Komosa ryżowa (quinoa) z łososiem i warzywami



Hej :) Tak dzisiaj będzie zdrowo :) Kusiła mnie ta komosa ryżowa już od dawna i w końcu kupiłam, bo ja wszystko muszę spróbować, no tak już mam. Niestety jedyny minus to cena :( do tanich nie należy. Jest bardzo smaczna i zdrowa. U mnie z warzywami i łososiem :) Miłego weekendu :)

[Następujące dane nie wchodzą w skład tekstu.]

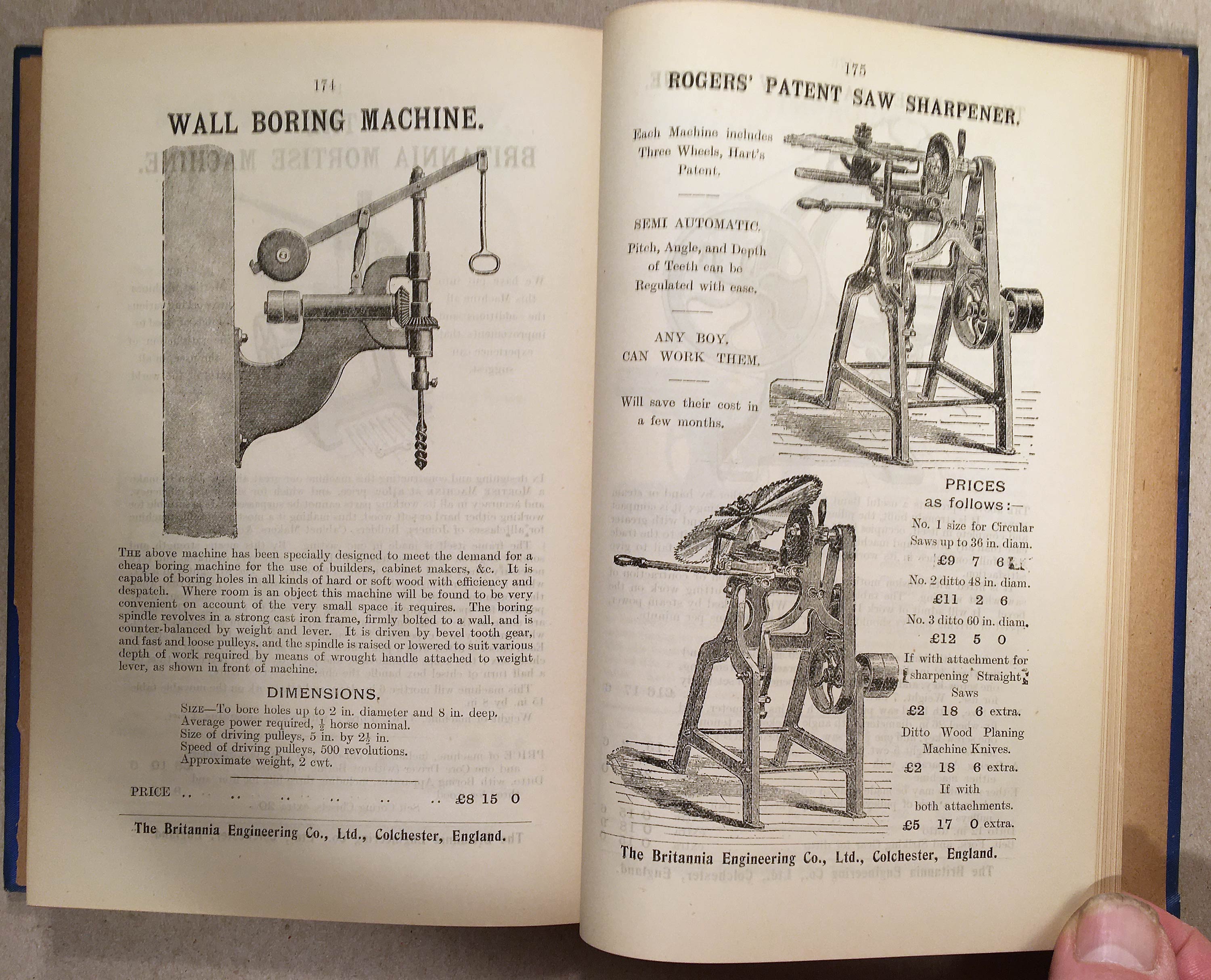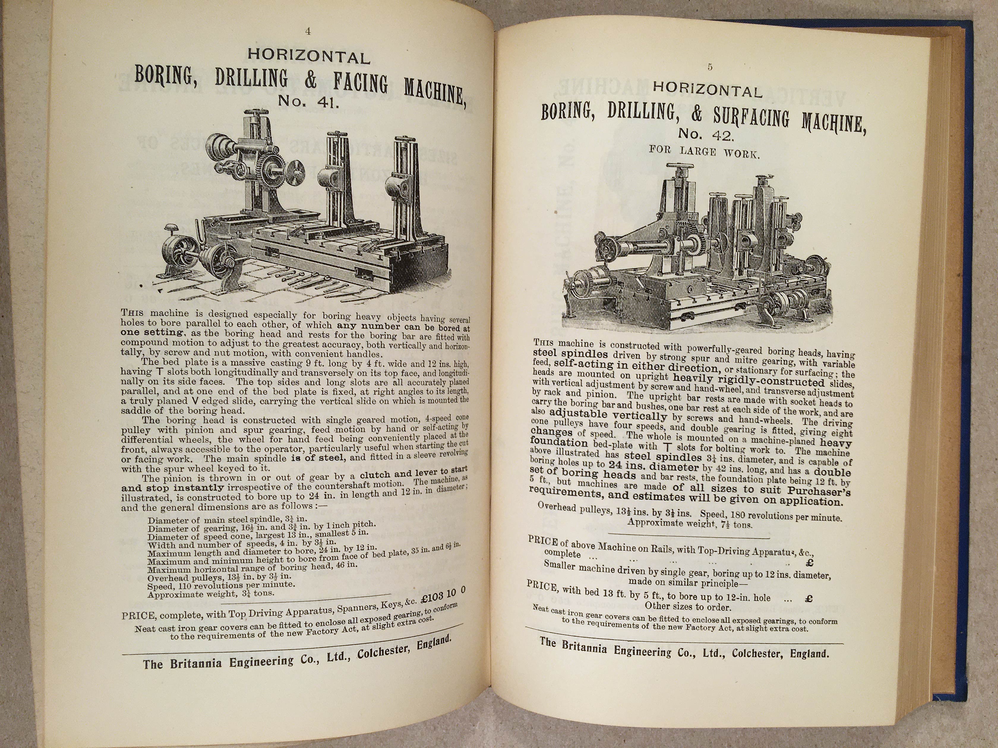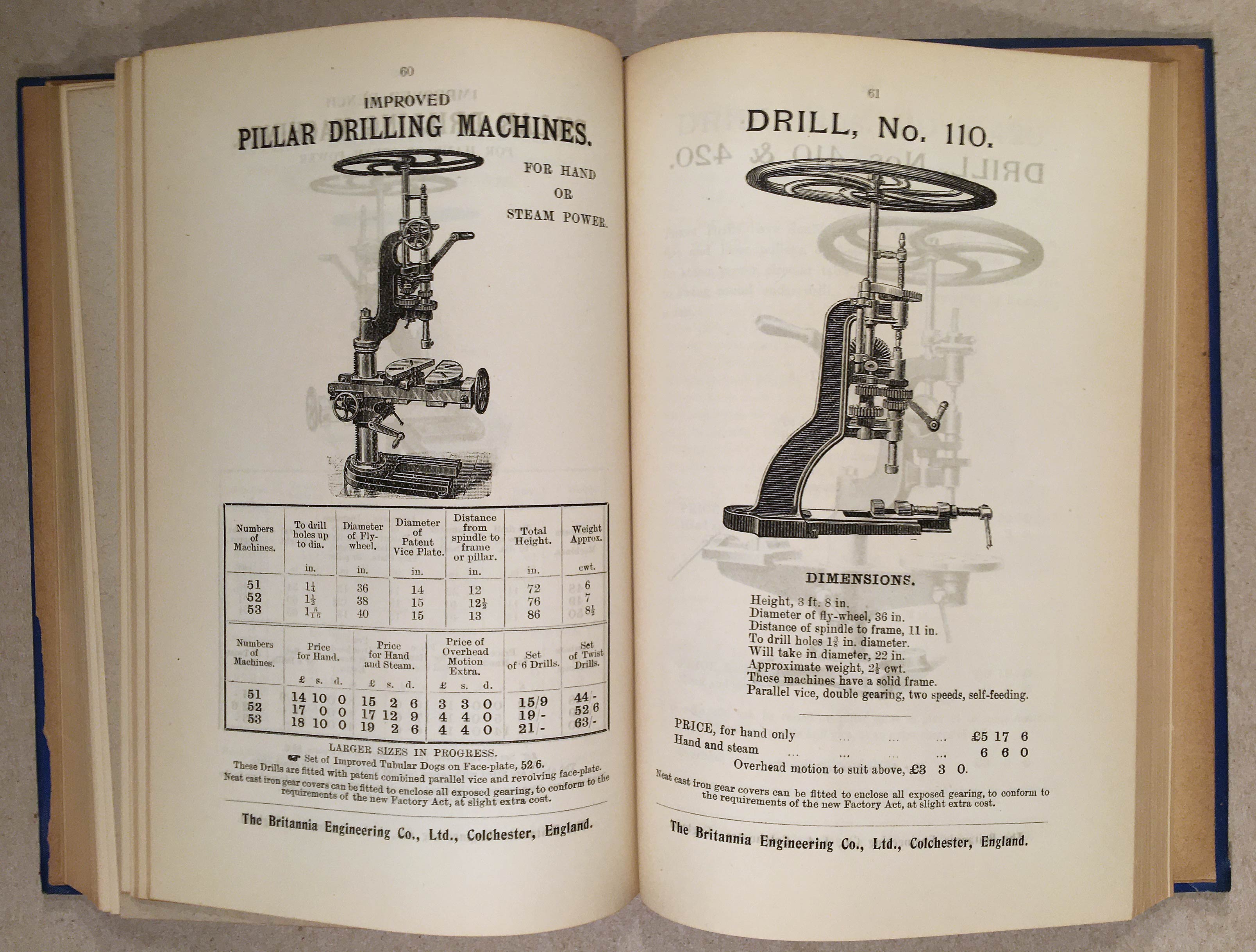 In the second half of this volume, it is followed by the 1905 Catalogue of Engineers' Tools etc. from the Britannia Engineering Co. Ltd. of Colchester, which is 200 numbered pages, fully illustrated. It is assumed the company was a sponsor of the publication.

Komosa ryżowa inaczej quinoa lub ryż peruwiański jest to taka roślinka, która wytwarza bogate w skrobię nasiona, ale nie jest ona zbożem. W Ameryce Południowej skąd pochodzi nazywana jest "świętym zbożem inków", "matką zbóż" lub "złotym ziarnem inków". Jest ona źródłem pełnowartościowego białka, które zawiera wszystkie aminokwasy egzogenne czyli takie, które są systematyzowane w organizmie i muszą być dostarczane z pożywieniem. Może ona również zapobiegać nowotworom, miażdżycy. Zawiera ona wszystkie niezbędne dla człowieka aminokwasy, bogata jest w błonnik i witaminy: E,C i z grupy B, żelazo, magnez, potas, miedź i cynk. Komosa jest również źródłem przeciwutleniaczy, które mają działanie antyoksydacyjne,  przeciwzapalne, przeciwalergiczne i rozkurczowe. Ma niski indeks glikemiczny, mogą ją spożywać chorzy na cukrzycę.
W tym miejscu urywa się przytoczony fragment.